We were outside doing them today, we have the 3rd floor to use which is pretty wide open but not enough room to store all these. Plus lumping these up 3 stories then back down to the 1st floor is a bit much hourly or not. lol.


----------



## Epoxy Pro (Oct 7, 2012)

Gough said:


> When we've been faced with 1/100 of that, without being able to spray them, I've contemplated alternatives. The main one being a serious of pressure-fed roller through which the boards are fed, followed by fixed brushes to remove the excess and eliminate the stipple.
> 
> At least that gave me something to think about while I was brushing and rolling....


I'm only thinking about having more drying racks built. The carpenters threw 2 racks together for us today but it's not enough. We can put 20 pieces on one rack.

Why did this seem like a great job the other day. lol. Easy, roll, brush stack. Ok stacking is an issue.


----------



## Gough (Nov 24, 2010)

cdpainting said:


> I'm only thinking about having more drying racks built. The carpenters threw 2 racks together for us today but it's not enough. We can put 20 pieces on one rack.
> 
> Why did this seem like a great job the other day. lol. Easy, roll, brush stack. Ok stacking is an issue.


Sorry that I don't have a picture, but we knock ours together with 2 2x4s-8, 7 1x2s cut to 4-0, and a 1x2 for a brace. The 1x2s are sandwiched between the two 2xs, which serve as the uprights. The result looks like two combs, back to back. Add some scrap 2x4 for a base and pairs of these are joined with the extra 1x2. The resulting rack will hold 160+ pieces of 1x4 or about ~110 pieces of 1x6.


----------



## PRC (Aug 28, 2014)

Gough said:


> Sorry that I don't have a picture, but we knock ours together with 2 2x4s-8, 7 1x2s cut to 4-0, and a 1x2 for a brace. The 1x2s are sandwiched between the two 2xs, which serve as the uprights. The result looks like two combs, back to back. Add some scrap 2x4 for a base and pairs of these are joined with the extra 1x2. The resulting rack will hold 160+ pieces of 1x4 or about ~110 pieces of 1x6.


Similar to this?

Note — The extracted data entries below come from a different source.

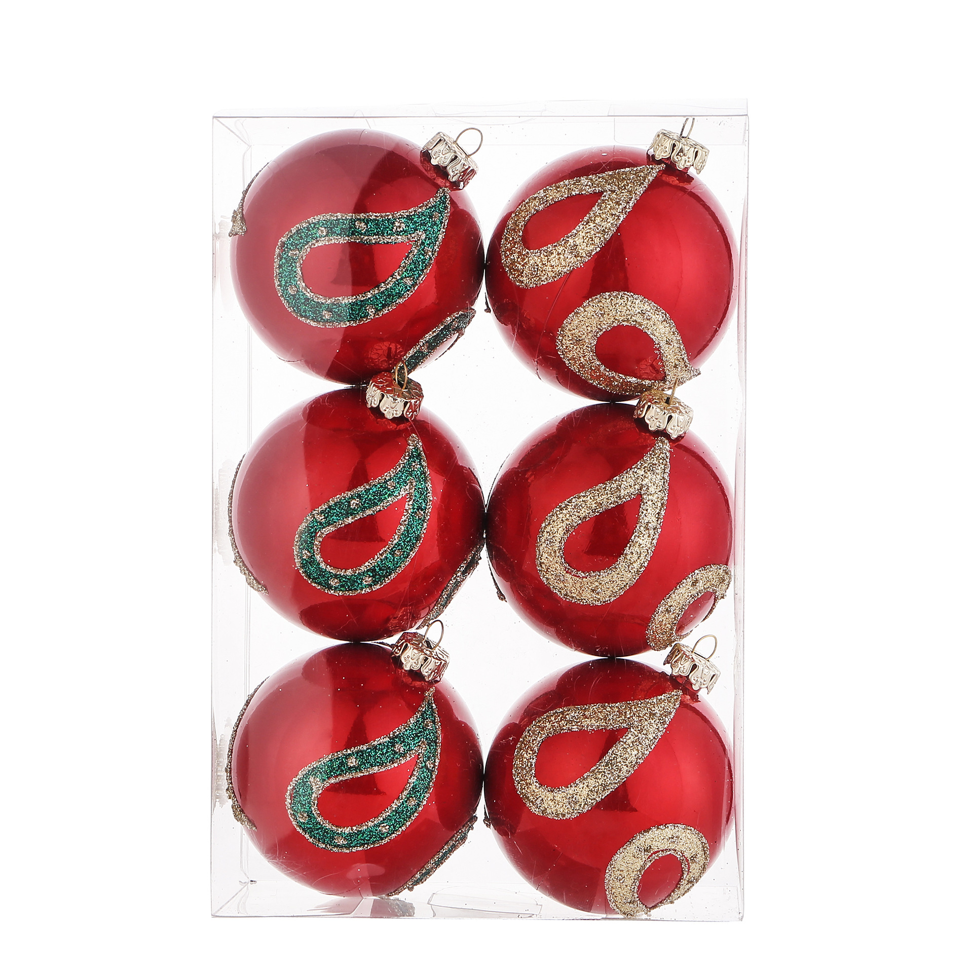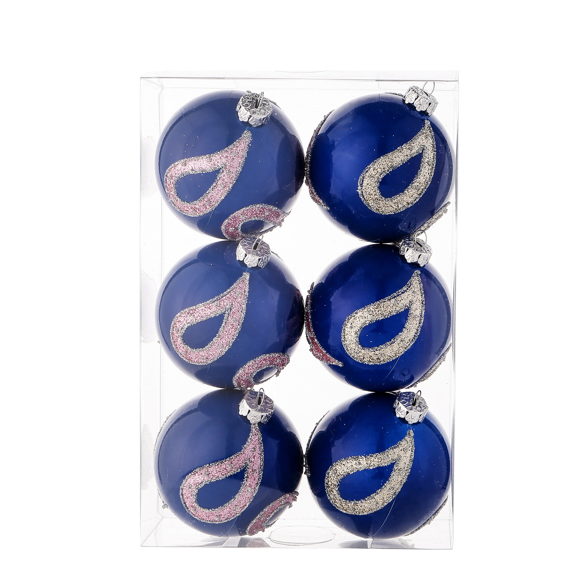 亚马逊6cm套6个礼盒圣诞吊饰圣诞树装饰圣诞球精品手绘圣诞球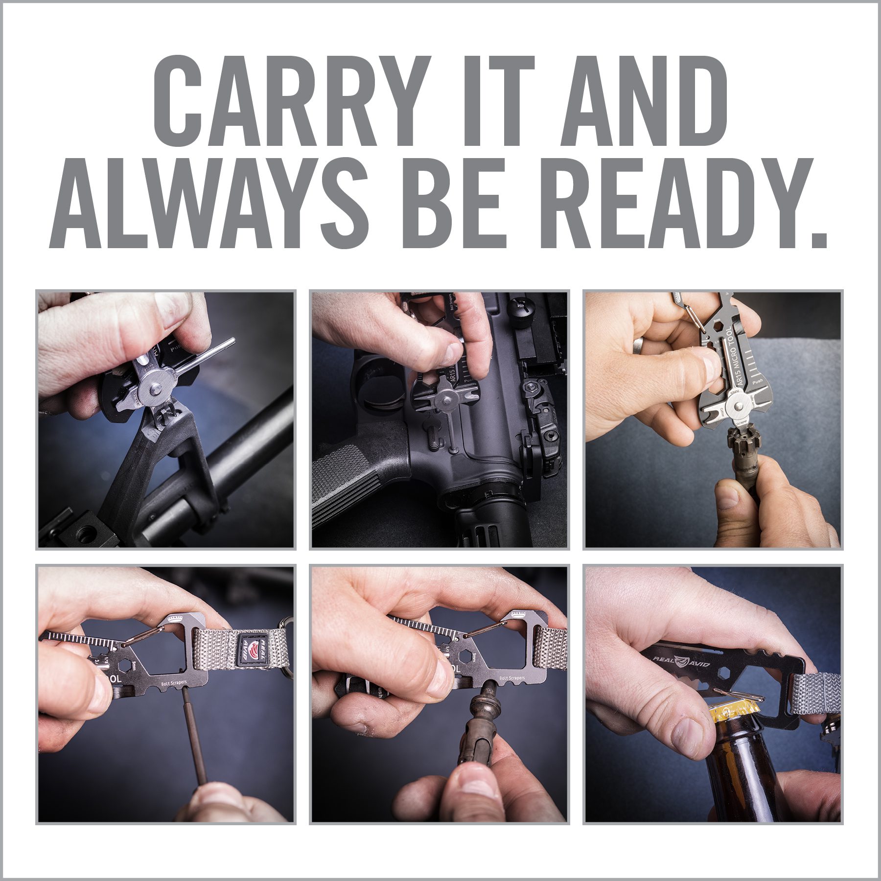 Real Avid Micro Tools take gun specific functionality and pack it into a micro sized tool to take with you wherever you go. A multitude of breakdown, cleaning, adjusting and sighting-in options are available in the pint size tools that are as welcome on your keychain as they are at the range. We created these tools so that we would always be prepared, no matter the scenario. What we found out was, people loved using them as a statement of who they are and what they stand for, as much as they used them for their intended purpose. Real Avid Micro Tools aren’t just functional, they’re personal.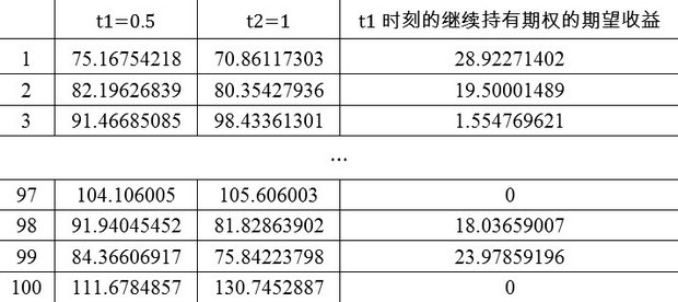 假设一个简单的美式看跌期权,其中标的的初始价格与行权价格均为100,无风险利率为1.5%,年化波动率为20%,期权续存期长度为1年。设相等时间间隔的两个行权时间点t1和t2,显然t1=0.5,t2=1。对标的价格进行100次模拟,得出两个时间点上标的的模拟价格,并求出期权期末行权的收益折算到t1时刻的数值,作为t1时刻的继续持有期权的期望收益。

But free standing and double sided?








These were mounted to the joists.


----------



## Jmayspaint (Mar 26, 2013)

500k linear is a lot. 
I like this type of rack using blocks and 1 or 2 by's. You can stack them as high as you can reach. 


















That's about 1,500 linear, but of course those are really wide boards. 


Sent from my iPhone using Tapatalk


----------



## Gough (Nov 24, 2010)

PRC said:


> Similar to this? But free standing and double sided?
> 
> 
> 
> ...


Yup. We adjust the spacing between the two rack to accommodate everything from cabinet doors to 16-0 wood siding.

No HardiPlank, though...too heavy. Don't ask me how I know that.


----------



## ridesarize (Jun 19, 2012)

Still like this light weight wood block system. 2x4 or 2x3's. Fill buckets or a trash can with blocks for the shop or at the jobsite. Here's 190 boards not even full height. Stickers are 1x3 furring strips cut in half (48") which hold up great. If one was concerned about sag, you could easily place a block in the center and they would be strong enough for Ipe.

While unstacking you can toss blocks in a can or bucket quickly. While stacking boards it's easy to stage a bunch of blocks close and ready to grab.


----------



## ridesarize (Jun 19, 2012)

This could easily be 8ft wide, just shoot a nail into a block at the 48" mark for center support.


----------



## RH (Sep 7, 2010)

Jmayspaint said:


> Guess you missed the "by the hour" part
> 
> If someone wants to pay a man to dig a ditch with a tooth pick, why not let them? :jester:
> 
> ...


By the hour or not, the thought of doing 25,000 twenty foot sections of trim (or what ever combinations of lengths there are) by hand is enough to give me the willies.


----------



## Wildbill7145 (Apr 30, 2014)

RH said:


> By the hour or not, the thought of doing 25,000 twenty foot sections of trim (or what ever combinations of lengths there are) by hand is enough to give me the willies.


Along with lots and lots of updates to the OPPU thread.

"Oh my back/wrist/neck/etc. hurts."


----------



## Gough (Nov 24, 2010)

RH said:


> By the hour or not, the thought of doing 25,000 twenty foot sections of trim (or what ever combinations of lengths there are) by hand is enough to give me the willies.


Are you seeing stock that long? If so, I'm jealous. Most of the specialty stuff that we've seen lately is 8s and 10s. So, 50,000 to 60,000 pieces would be more like it.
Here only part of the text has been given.